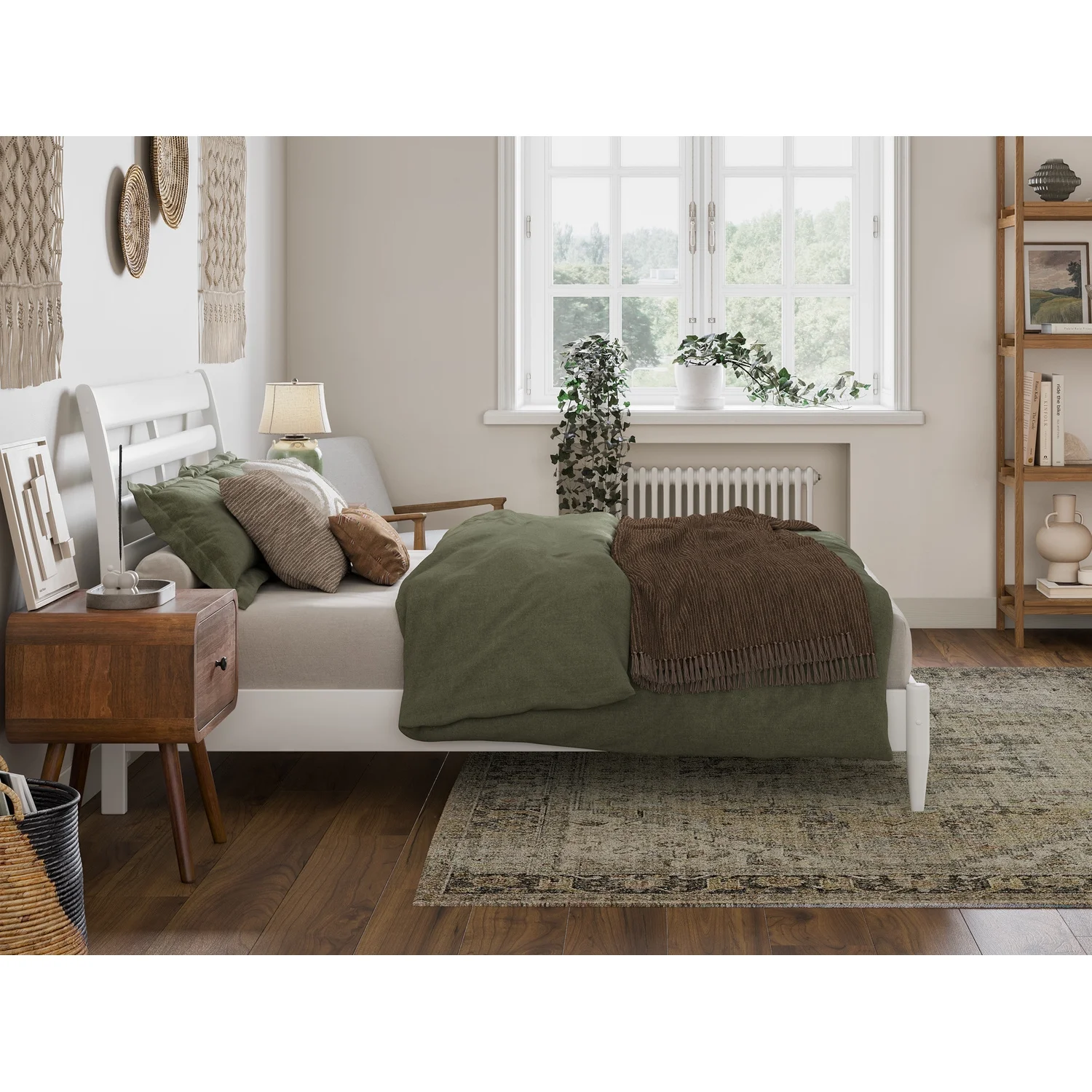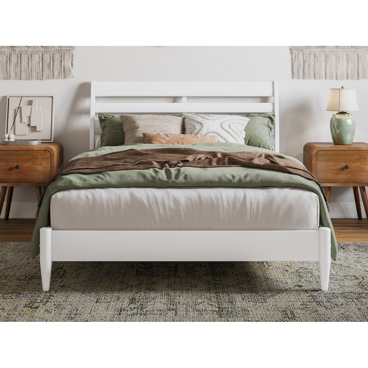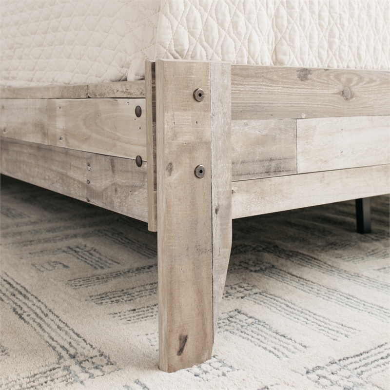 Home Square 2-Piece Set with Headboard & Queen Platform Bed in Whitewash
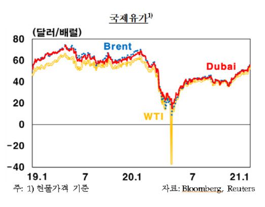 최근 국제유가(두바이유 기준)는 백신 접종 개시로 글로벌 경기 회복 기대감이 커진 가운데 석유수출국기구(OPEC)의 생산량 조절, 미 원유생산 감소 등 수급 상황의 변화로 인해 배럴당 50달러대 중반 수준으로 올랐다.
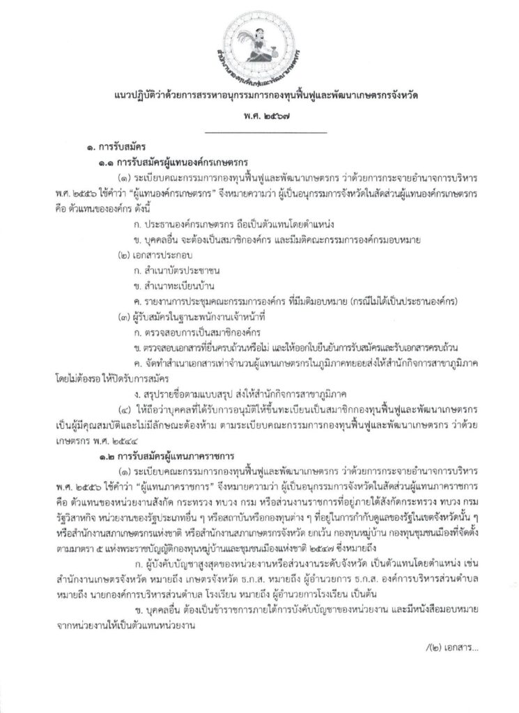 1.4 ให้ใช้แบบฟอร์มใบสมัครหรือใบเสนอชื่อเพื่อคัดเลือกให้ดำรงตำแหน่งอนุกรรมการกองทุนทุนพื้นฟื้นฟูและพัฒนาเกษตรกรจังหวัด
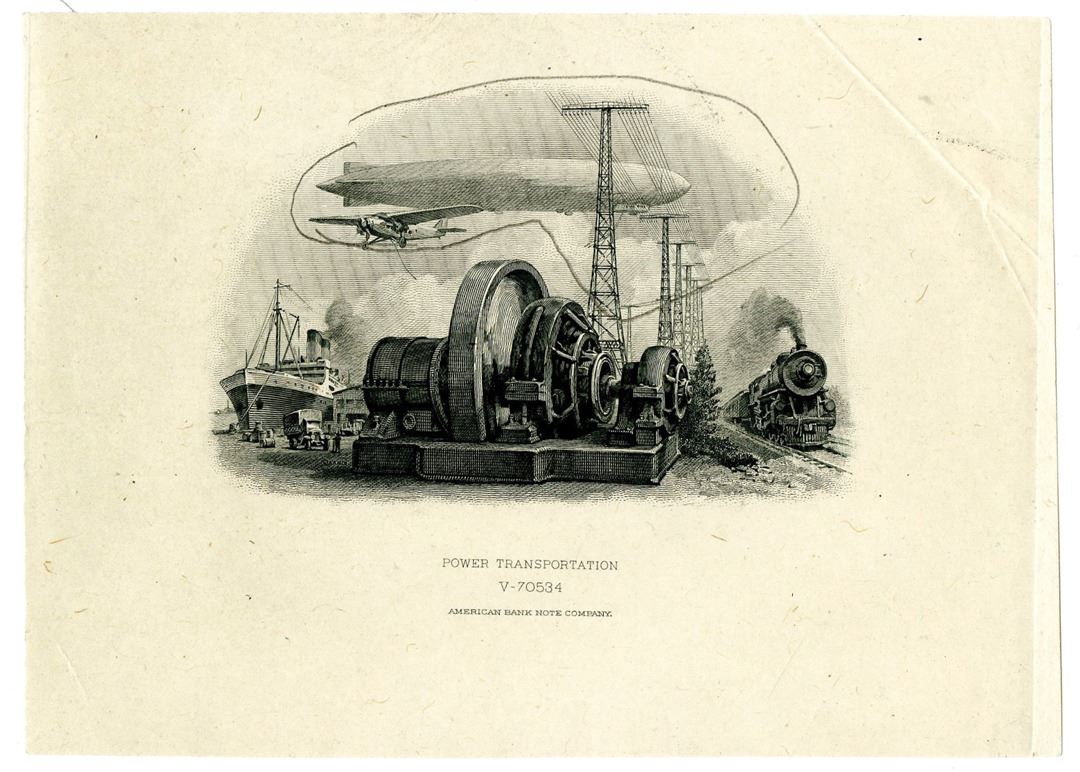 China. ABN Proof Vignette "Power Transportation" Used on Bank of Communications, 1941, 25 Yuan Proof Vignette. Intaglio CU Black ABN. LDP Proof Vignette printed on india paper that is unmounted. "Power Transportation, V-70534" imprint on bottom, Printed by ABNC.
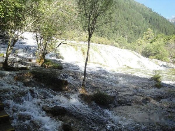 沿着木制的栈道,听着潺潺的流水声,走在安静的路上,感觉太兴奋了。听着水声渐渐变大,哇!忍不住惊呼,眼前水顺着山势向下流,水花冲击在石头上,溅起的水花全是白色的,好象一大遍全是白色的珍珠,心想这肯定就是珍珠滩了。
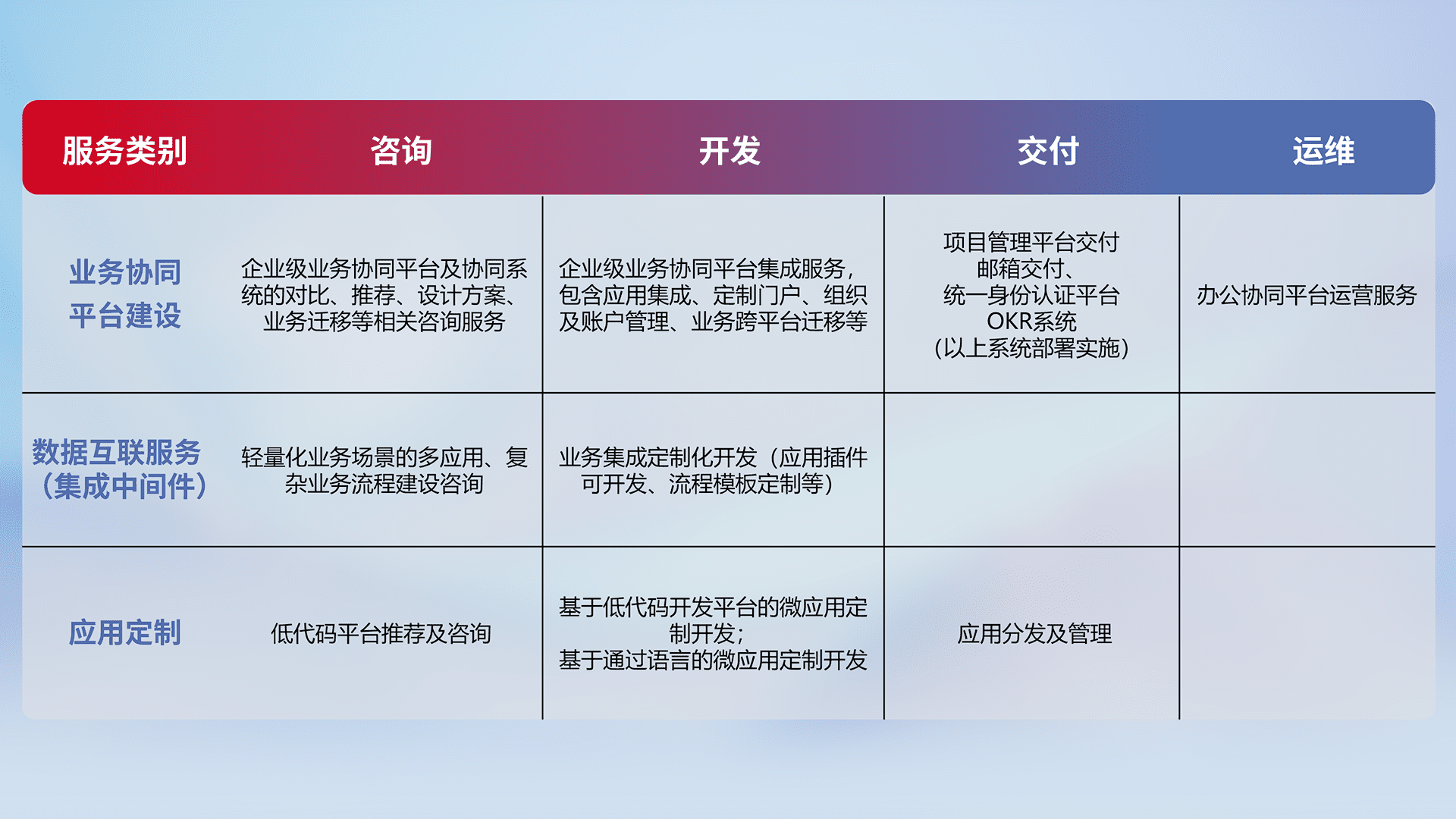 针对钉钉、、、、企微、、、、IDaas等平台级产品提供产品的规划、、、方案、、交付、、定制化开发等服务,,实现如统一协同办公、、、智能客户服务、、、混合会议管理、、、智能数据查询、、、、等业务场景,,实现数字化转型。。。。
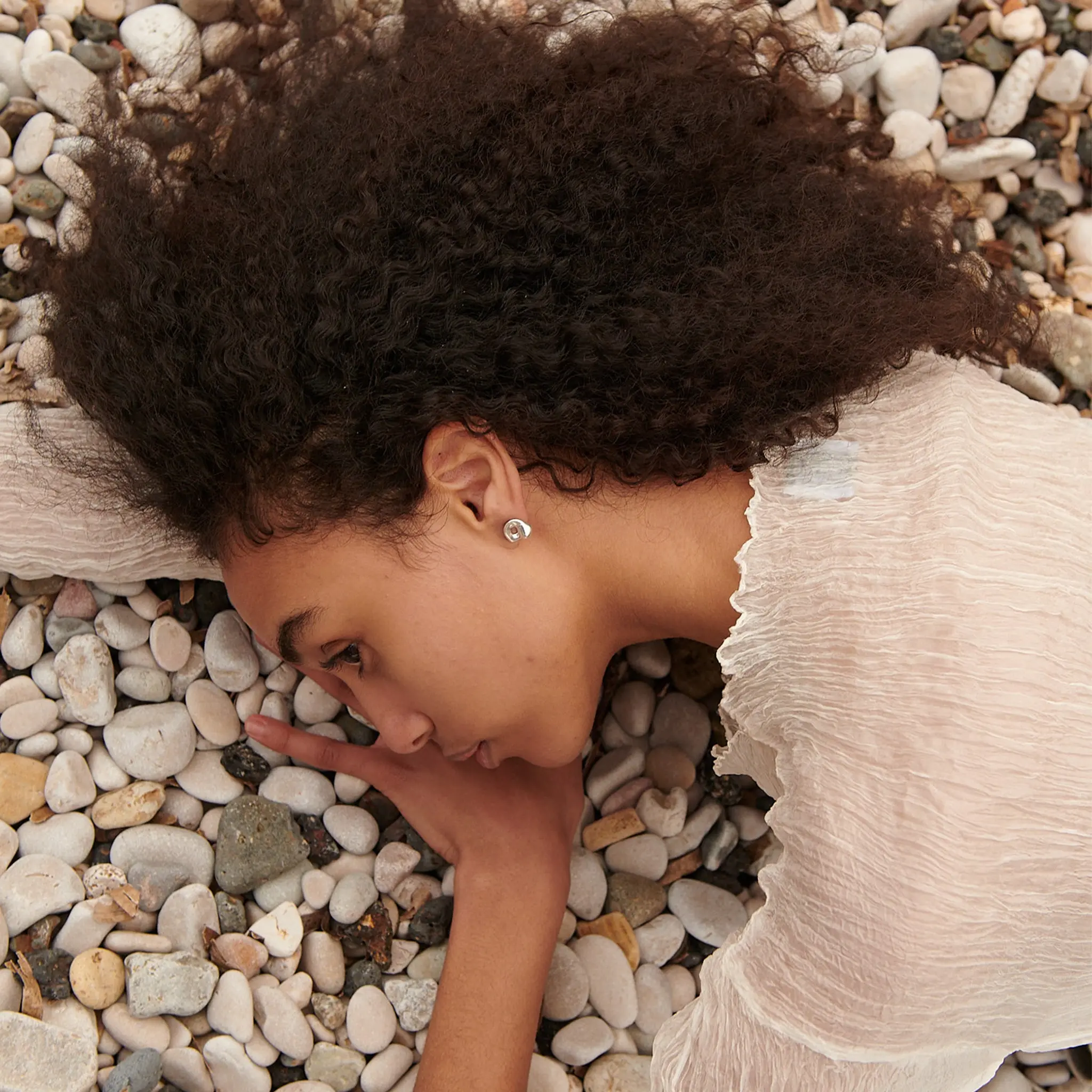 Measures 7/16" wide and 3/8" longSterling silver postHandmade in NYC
--------
**Requirement:**
Restate the records word for word and drop the images.

**Response area:**
 Home Square 2-Piece Set with Headboard & Queen Platform Bed in Whitewash
 최근 국제유가(두바이유 기준)는 백신 접종 개시로 글로벌 경기 회복 기대감이 커진 가운데 석유수출국기구(OPEC)의 생산량 조절, 미 원유생산 감소 등 수급 상황의 변화로 인해 배럴당 50달러대 중반 수준으로 올랐다.
 1.4 ให้ใช้แบบฟอร์มใบสมัครหรือใบเสนอชื่อเพื่อคัดเลือกให้ดำรงตำแหน่งอนุกรรมการกองทุนทุนพื้นฟื้นฟูและพัฒนาเกษตรกรจังหวัด
 China. ABN Proof Vignette "Power Transportation" Used on Bank of Communications, 1941, 25 Yuan Proof Vignette. Intaglio CU Black ABN. LDP Proof Vignette printed on india paper that is unmounted. "Power Transportation, V-70534" imprint on bottom, Printed by ABNC.
 沿着木制的栈道,听着潺潺的流水声,走在安静的路上,感觉太兴奋了。听着水声渐渐变大,哇!忍不住惊呼,眼前水顺着山势向下流,水花冲击在石头上,溅起的水花全是白色的,好象一大遍全是白色的珍珠,心想这肯定就是珍珠滩了。
 针对钉钉、、、、企微、、、、IDaas等平台级产品提供产品的规划、、、方案、、交付、、定制化开发等服务,,实现如统一协同办公、、、智能客户服务、、、混合会议管理、、、智能数据查询、、、、等业务场景,,实现数字化转型。。。。
 Measures 7/16" wide and 3/8" longSterling silver postHandmade in NYC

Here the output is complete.